# Automated Quantification of Movement Qualities in the Human Upper Extremity After Stroke Using a Wearable Robot

**Authors:** Yoon No Gregory Hong, Kyoungsoon Kim, Sheng Li, Marcia K. O’Malley, Ashish D. Deshpande, Jinsook Roh

PMC · DOI: 10.21203/rs.3.rs-8779514/v1 · Research Square · 2026-02-16

## TL;DR

This study introduces a wearable robot system to objectively assess upper limb movement quality in stroke survivors, offering a more reliable and interpretable alternative to traditional methods.

## Contribution

A novel standardized framework combining wearable robotics with clinical tasks to quantify motor impairments and provide mechanistic insights into post-stroke movement patterns.

## Key findings

- The trajectory pattern similarity score strongly correlates with clinical FMA-UE scores and shows excellent test-retest reliability.
- Kinematic synergy analysis reveals that motor impairment severity is linked to fewer identified synergies and altered joint coordination.
- Post-stroke movement patterns can be explained by merging, preserving, or losing healthy kinematic synergies.

## Abstract

Stroke is a leading cause of long-term adult disability, with approximately 80% of survivors experiencing upper extremity (UE) motor impairments.
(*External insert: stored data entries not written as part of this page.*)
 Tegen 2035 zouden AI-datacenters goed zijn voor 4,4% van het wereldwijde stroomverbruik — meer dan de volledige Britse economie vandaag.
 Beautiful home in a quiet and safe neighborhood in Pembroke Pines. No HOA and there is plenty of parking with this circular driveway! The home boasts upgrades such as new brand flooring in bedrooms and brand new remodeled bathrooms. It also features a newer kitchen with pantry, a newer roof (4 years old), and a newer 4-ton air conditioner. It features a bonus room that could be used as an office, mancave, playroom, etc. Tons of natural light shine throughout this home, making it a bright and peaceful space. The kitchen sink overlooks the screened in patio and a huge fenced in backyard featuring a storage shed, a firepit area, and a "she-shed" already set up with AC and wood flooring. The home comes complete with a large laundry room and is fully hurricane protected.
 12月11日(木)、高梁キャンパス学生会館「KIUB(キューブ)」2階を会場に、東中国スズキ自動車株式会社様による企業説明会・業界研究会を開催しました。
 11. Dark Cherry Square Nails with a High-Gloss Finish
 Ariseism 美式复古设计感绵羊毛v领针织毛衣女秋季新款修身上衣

Conventional tools like the Fugl-Meyer Assessment (FMA) are widely used but limited by ordinal scales and subjective visual observation. While wearable robotics offer high-resolution data, their clinical translation is hindered by a lack of standardized protocols and limited interpretability for clinical decision-making.
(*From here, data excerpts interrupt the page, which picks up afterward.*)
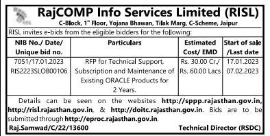 Tender for RFP for Technical Support, Subscription and Maintenance of Existing ORACLE Products for 2 Years.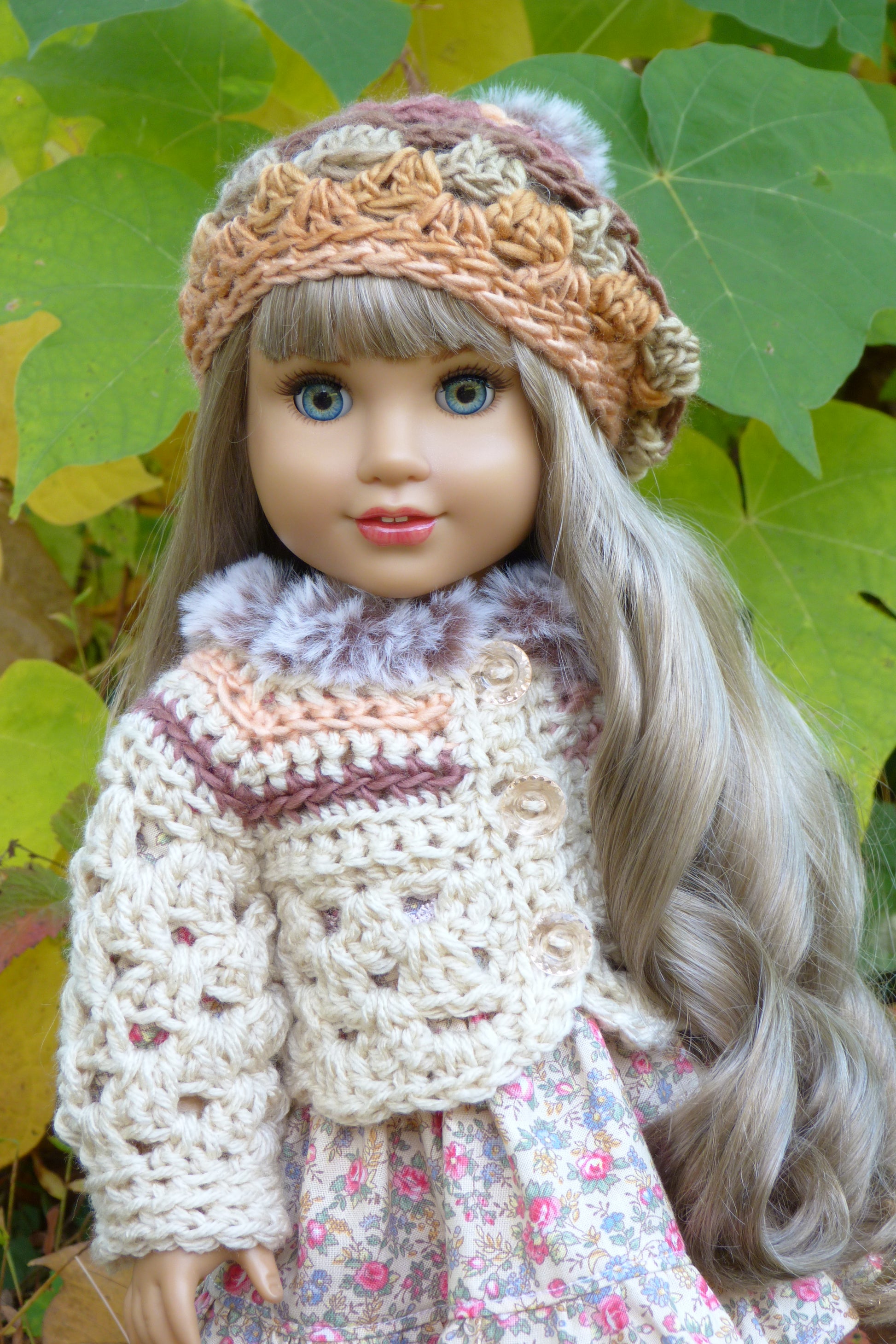 This handmade fall outfit is designed to fit 18 inch AG dolls. The hat and cardigan are crocheted of soft variegated and cream acrylic yarn. They are edged with faux fur. The dress is sewn of floral cotton fabric. It has serged seams, lace trim, and hook/loop closure in back. Cream ridged stretch knit fabric was sewn to create the socks. Her brown faux suede boots are made by American Fashion World.
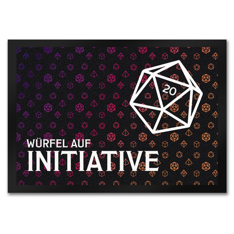 Tabletop Fußmatte mit Würfelmuster und Spruch: Würfel auf Initiative
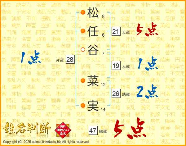 松(8画)任(6画)谷(7画) 菜(12画)実(14画)

This study aimed to develop an objective, standardized, and clinically interpretable method to quantify UE motor qualities by integrating wearable robotic technology with traditional clinical assessment tasks.
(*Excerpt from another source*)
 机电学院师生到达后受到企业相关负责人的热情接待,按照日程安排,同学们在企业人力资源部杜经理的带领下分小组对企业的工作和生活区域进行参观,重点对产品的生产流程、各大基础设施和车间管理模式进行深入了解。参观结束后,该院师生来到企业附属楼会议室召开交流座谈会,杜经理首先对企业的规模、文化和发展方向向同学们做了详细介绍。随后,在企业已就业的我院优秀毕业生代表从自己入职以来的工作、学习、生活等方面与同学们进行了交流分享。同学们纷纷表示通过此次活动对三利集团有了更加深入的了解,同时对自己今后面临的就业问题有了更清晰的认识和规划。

Ten healthy individuals and ten stroke survivors performed seven standardized tasks (six from the FMA-UE and one additional elbow task) while wearing the HARMONY exoskeleton. We developed a “trajectory pattern similarity score” based on the root mean square error between individual joint trajectories and normative averages. Additionally, kinematic synergy analysis was performed using non-negative matrix factorization to evaluate alterations in multi-joint coordination.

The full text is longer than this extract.